_TASK TO COMPLETE_
Without the images, reproduce each line of the material exactly.

_INFORMATION SHOWN_
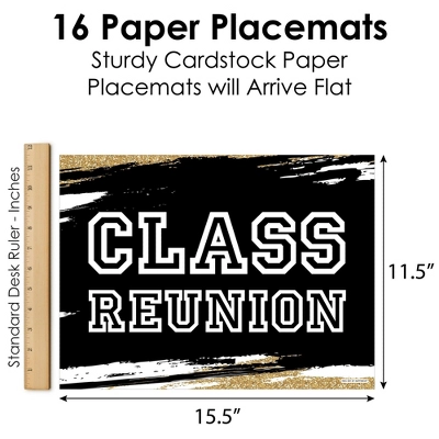 Reunited Placemats INCLUDE: 16 paper placemats. Placemats will arrive flat and party ready! EASY CLEAN UP: Reunited paper placemats SIZE 15.5 inches wide x 11.5 high. Made of sturdy cardstock paper, these disposable placemats will make it easy to clean up after the party is over. Party placemats are perfect for at-home dining tables or to bring to your favorite restaurant as an easy decoration. PARTY TABLE DECORATIONS: Placemats are a fun and easy party table decoration for a Reunited school class reunion party. Use Reunited party placemats to style dining tables, buffet tables, banquet halls, and more! Reunited party table decoration placemats will make a statement however you choose to use them. PAPER PLACEMATS: Set of 16 Reunited placemats are professionally printed on sturdy cardstock paper. Each placemat is individually inspected and carefully packaged to arrive flat. MADE IN THE USA: Reunited paper party placemats are designed and manufactured at our Wisconsin facility using materials that are Made in the USA. Reunited paper placemats use a No-Mess Glitter Print: Our placemats are designed with a printed image of glitter, eliminating glitter flake while maximizing bling effect!
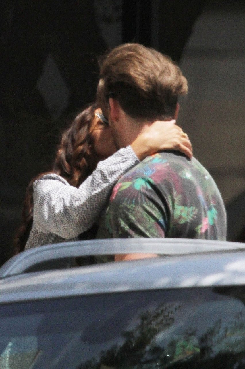 La reportera de entretenimiento y actriz Terri Seymour (47) y su novio de mucho tiempo Clark Mallon se muestran cariñosos durante su cita para almorzar en el lugar de moda para celebridades, Joan’s on Third en Studio City, 08/07/2019.
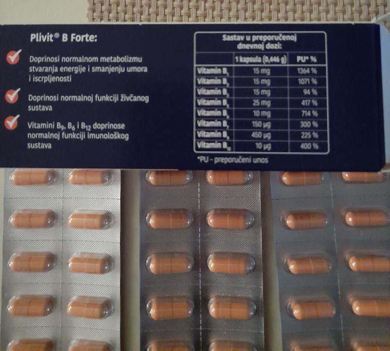 Prodajem plivit B Forte kapsule za smanjenje umora i iscrpljenosti, vitamine na preporuku lijecnika kupila ali zbog alergije ne mogu koristiti. Nedostaju 3 kapsule. Placene su 49.95 kn a prodajem za 35 kn. Informacije na tel 035 260 202
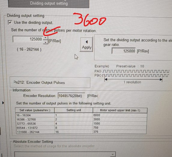 Не знаю, что там визард вам насчитал, но при редукции 1:1 вы получите движение, определяемое кол-вом импульсов энкодера, а у него огромное разрешение (например 2^20). Т.е. ваши 720 импульсов с контроллера подвинут ось на 720 импульсов энкодера (посчитайте какая это часть от 1048576 на оборот). Мануал говорит, что нужно считать в юнитах перемещения, например в величинах 1 мкм. Таким образом, нужно в параметрах Pn20E/Pn210 установить разрешение энкодера/коль-во юнитов (мкм) продвижения оси при полном обороте винта (например 5000 мкм, при шаге винта 5мм). Перечитайре раздел "5.4.4 Electronic Gear".

_EXERCISE ANSWER_
 Reunited Placemats INCLUDE: 16 paper placemats. Placemats will arrive flat and party ready! EASY CLEAN UP: Reunited paper placemats SIZE 15.5 inches wide x 11.5 high. Made of sturdy cardstock paper, these disposable placemats will make it easy to clean up after the party is over. Party placemats are perfect for at-home dining tables or to bring to your favorite restaurant as an easy decoration. PARTY TABLE DECORATIONS: Placemats are a fun and easy party table decoration for a Reunited school class reunion party. Use Reunited party placemats to style dining tables, buffet tables, banquet halls, and more! Reunited party table decoration placemats will make a statement however you choose to use them. PAPER PLACEMATS: Set of 16 Reunited placemats are professionally printed on sturdy cardstock paper. Each placemat is individually inspected and carefully packaged to arrive flat. MADE IN THE USA: Reunited paper party placemats are designed and manufactured at our Wisconsin facility using materials that are Made in the USA. Reunited paper placemats use a No-Mess Glitter Print: Our placemats are designed with a printed image of glitter, eliminating glitter flake while maximizing bling effect!
 La reportera de entretenimiento y actriz Terri Seymour (47) y su novio de mucho tiempo Clark Mallon se muestran cariñosos durante su cita para almorzar en el lugar de moda para celebridades, Joan’s on Third en Studio City, 08/07/2019.
 Prodajem plivit B Forte kapsule za smanjenje umora i iscrpljenosti, vitamine na preporuku lijecnika kupila ali zbog alergije ne mogu koristiti. Nedostaju 3 kapsule. Placene su 49.95 kn a prodajem za 35 kn. Informacije na tel 035 260 202
 Не знаю, что там визард вам насчитал, но при редукции 1:1 вы получите движение, определяемое кол-вом импульсов энкодера, а у него огромное разрешение (например 2^20). Т.е. ваши 720 импульсов с контроллера подвинут ось на 720 импульсов энкодера (посчитайте какая это часть от 1048576 на оборот). Мануал говорит, что нужно считать в юнитах перемещения, например в величинах 1 мкм. Таким образом, нужно в параметрах Pn20E/Pn210 установить разрешение энкодера/коль-во юнитов (мкм) продвижения оси при полном обороте винта (например 5000 мкм, при шаге винта 5мм). Перечитайре раздел "5.4.4 Electronic Gear".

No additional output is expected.